Drew Brees Snubbed: Manning's MVP Selection Shows Prejudice Amongst Voters

Joe GerrityCorrespondent IJanuary 9, 2010

NEW ORLEANS - DECEMBER 27:  Quarterback Drew Brees #9 of the New Orleans Saints drops back to pass the ball during the game against the Tampa Bay Buccaneers on December 27, 2009 at Louisiana Superdome in New Orleans, Louisiana. (Photo by Jamie Squire/Getty Images)
Jamie Squire/Getty Images

When examining the MVP caliber seasons of Drew Brees and Peyton Manning, there really isn't much to complain about.

Both led their teams to the No.1 seeds in their respective conferences while flirting with perfection.

Each amassed over 30 touchdown passes and more than 4,000 yards.

When determining the regular season MVP, most will look at team record and statistics.

What boggles the mind is that Brees has undeniably better statistics, but still managed to finish a distant second in the race.

Let's get into more detail.

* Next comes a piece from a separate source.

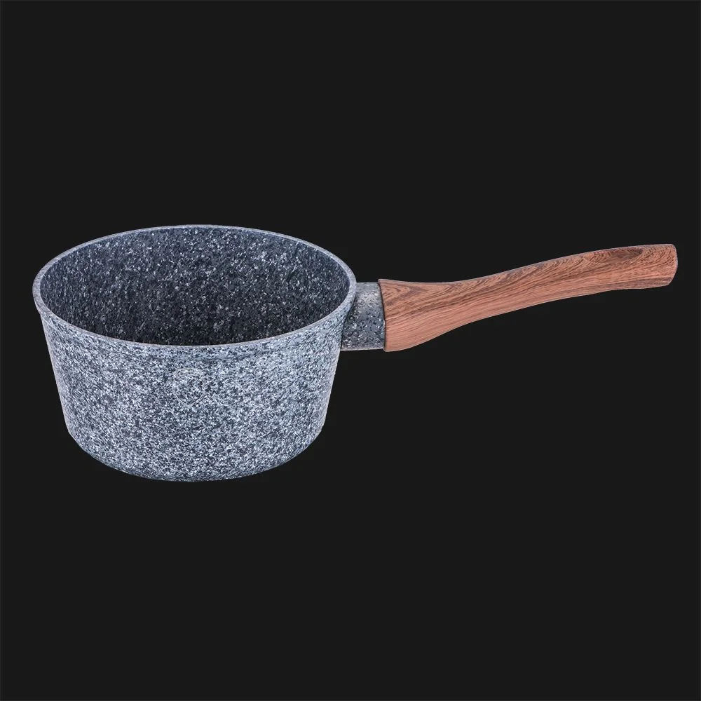 Ковш 1,2л - 16*7,5см, кованый алюминий, 3 слоя мраморно-гранитного покрытия, толщина стенок 0,5 см, эргономичная ручка "soft touch", индукционное дно, цвет: серый/коричневый, подставка под горячее в подарок, упаковка: цветной рукав

The better performer will be in italics.


Brees 34 , Manning 33


Brees 11 , Manning 16

Passing Yards

Brees 4,388, Manning 4,500

Yards Per Pass

Brees 8.5 , Manning 7.9

Passer Rating

Brees 109.6 , Manning 99.9

Edit- Brees' rating is the seventh best of all time.

Completion Percentage

Brees 70.6, Manning 68.8

Clearly, Brees was superior to Manning.

Given they both locked up the No. 1 seed before the season ended, the difference of one win can be entirely negated, especially considering that Brees didn't play at all in one of the Saints losses.

One meaningless game is surely not enough to overshadow the statistical dominance of Brees.

Nobody in their right mind would look at these two sets of statistics and team records and pick Manning as the MVP.

Simply put, the NFL MVP award has become as much of a joke as the NBA award. It's actually eerily reminiscent of the 2007-2008 NBA MVP race between Kobe and Chris Paul.

The big name, Kobe, was having a great, but not spectacular season, and the other, CP3, was having one of the best seasons in history. I don't need to remind you how that played out. A single game separated the two teams at years end, yet was the sole reason NBA writers voted Kobe. Or so they claim.

When anyone, a small market player included, posts the seventh best passer rating of all time, on arguably the best team, shouldn't he at least be in close contention for MVP?

What the average fan can take from this ridiculous MVP race is the fact that Peyton Manning is the darling of the NFL. Apparently voters, either consciously or subconsciously, are unable to objectively view the candidates, and should consequently be stripped of their voting rights.

Is anyone really surprised that the NFL's most marketed player is also the benefactor of some suspicious MVP voting?